Écrit le samedi 17 janvier 2015 par PG Luneau

S'il est un peuple avec une devise nationale complètement déconnectée de sa réalité, c'est bien le peuple québécois!!! En effet, je pourrais vous citer des dizaines d'exemples démontrant à quel point on n'a pas de mémoire en tant que peuple, ne serait-ce qu'en regardant notre façon de voter!! Et même si on laisse de côté la politique, ce n'est guère mieux : l'histoire a toujours fait figure de parent pauvre dans nos différents cursus scolaires! C'est une tristesse de constater à quel point il y a si peu de gens qui s'y intéresse, qui se penche sur notre passé!! Non mais c'est vrai!! Combien d'entre vous se souvient du nom de l'homme considéré comme étant le premier colon à être venu s'installer à Québec, avec Champlain?? Combien se souvient de son métier?? Et le nom de sa femme, vous vous en souvenez?? Le couple Hébert-Rollet est pourtant la racine centrale de toute l'Amérique francophone!! Mais personne ne s'en soucie, comme s'il s'agissait d'une banalité sans nom!! :^(

Heureusement, il existe quelques passionnés pour veiller aux grains et entretenir la flamme (comme je le fais moi-même avec mes élèves!)! Mentionnons d'abord Alexandre Belliard, un poète-chansonnier qui a décidé de composer toute une série de chansons sur les grands héros de l'histoire de la Francophonie américaine!! Quel noble et beau projet que celui-là!!

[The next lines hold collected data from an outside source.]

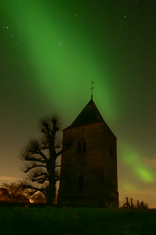 Toen ik maandag al in bed lag, zag ik nog net een berichtje langskomen op Facebook, dat er op dat moment noorderlicht werd gezien. Na een blik uit het raam wist ik genoeg. Het was al duidelijk te zien en zat ook behoorlijk hoog in de lucht. Snel de kleren aangetrokken en naar de dijk om wat foto’s te maken. Het was ongekend. In Nederland zag je het hooguit een beetje aan de horizon, maar dit waren Noorse toestanden.
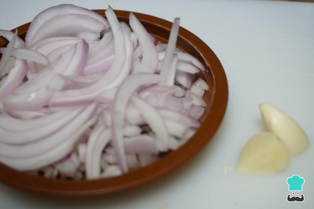 Descasque os alhos e a cebola e corte a cebola em lâminas, para que cozinhe mais depressa.
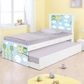 A Bicama Bibox Juvenil Adesivada é belíssima e conta com um design funcional, que ocupa pouco espaço no ambiente.
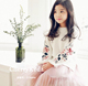 现货进口童装2017春款刺绣花朵开叉不等式儿童大码T恤
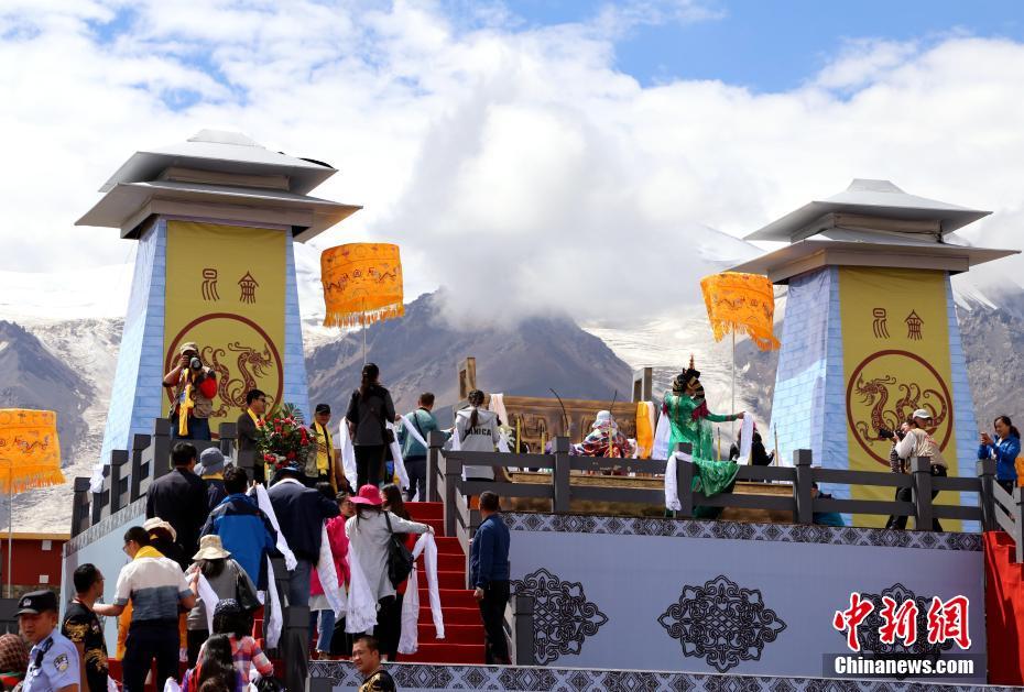 8月16日,“2017中国青海昆仑山敬拜大典”在海拔4300米的玉珠峰脚下举行,来自北京、四川、浙江等地的200多位专家学者共同见证了这一盛况。图为手持哈达的民众走上祭拜台祭拜昆仑山。中新社记者孙睿 摄

Inspiré par cette idée, et désirant y apporter une continuation littéraire, l'éminent historien, professeur et écrivain Gilles Laporte a décidé d'y contribuer en relatant les hauts faits de ces importants personnages historiques... et c'est sous forme de BD qu'il a décidé de le faire!! ;^) Avec, au dessin, Vincent Partel, un Français d'origine, grand amoureux de notre Belle Province, il vient de publier le premier album BD des éditions Septentrion (spécialisées en histoire! ;^). Il s'agit de Légendes d'un peuple (tome #1), un recueil qui regroupe 6 courts récits, de 5 à 12 planches, nous racontant brièvement la biographie de personnalités dont on a déjà lu les noms dans nos livres d'histoire (comme les Hébert, d'Iberville, Papineau ou Riel...), mais aussi celle d'autres gens moins connus mais au destin tout aussi fascinant (comme Marie-Anne Gaboury ou Émilie et Nolasque Tremblay...).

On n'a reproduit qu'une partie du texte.